The truth
I’m getting older, getting closer to that day and all,..
Well,..
Ive been realizing some things bout my self lately. I can lie on the outside, but its okay to be honest with my self.
I’ve been having dreams lately about selena,.. last nite was kind of sad and scary. I was taking to her ghost and telling her how much I missed her. But how can you miss some one you’ve never met? Another dream I had about her was soo sad.
Her husband was on stage playing the guitar, and there was an audience,.. and a small picture of selena and a stool where she would have been sitting. The feeling I got from that dream was soo empty. She was gone.

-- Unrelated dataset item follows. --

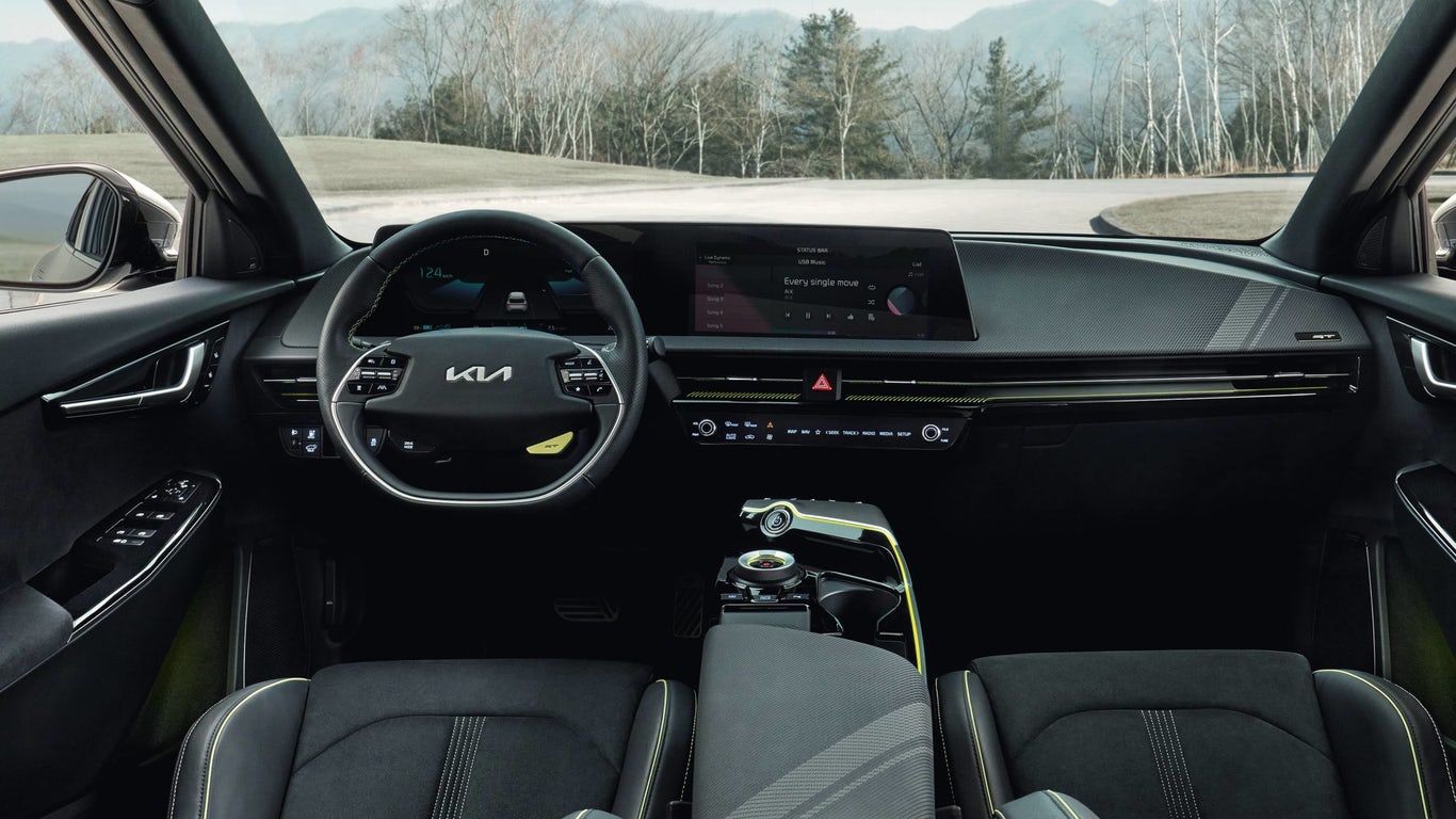 기아의 EV6 내부에는 한 쌍의 12인치 디스플레이가 있으며 운전 디스플레이와 인포테인먼트 패널은 곡선형이며 후자는 연결된 서비스와 무선 소프트웨어 업데이트가 가능합니다.
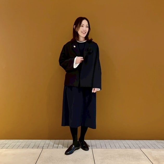 私はツイードジャケットを合わせ、華やかな印象になるようコーディネート。

I cant even being to imagine the pain and empty heart break that her family must have felt,…feel.
Im selfish. In the end it is all about me. Im more like my father than my mother.
I’ve never really had friends,.. so I dont know how to be one. I realized that the other day when I was reflecting back on how I’ve dealt with people.
Imperfection,Perfection.
Strive to survive
Live and give
take dont share
its mine go away.
smile.
myself. my own wealth.
so many things to want and complain about.
I really want to meet new people
and I will.
I need to work on myself, and I think Ive already begun the process
Sad dreams aren’t fun but sometimes I think they are neccesary. Ah well… *hugs* -H.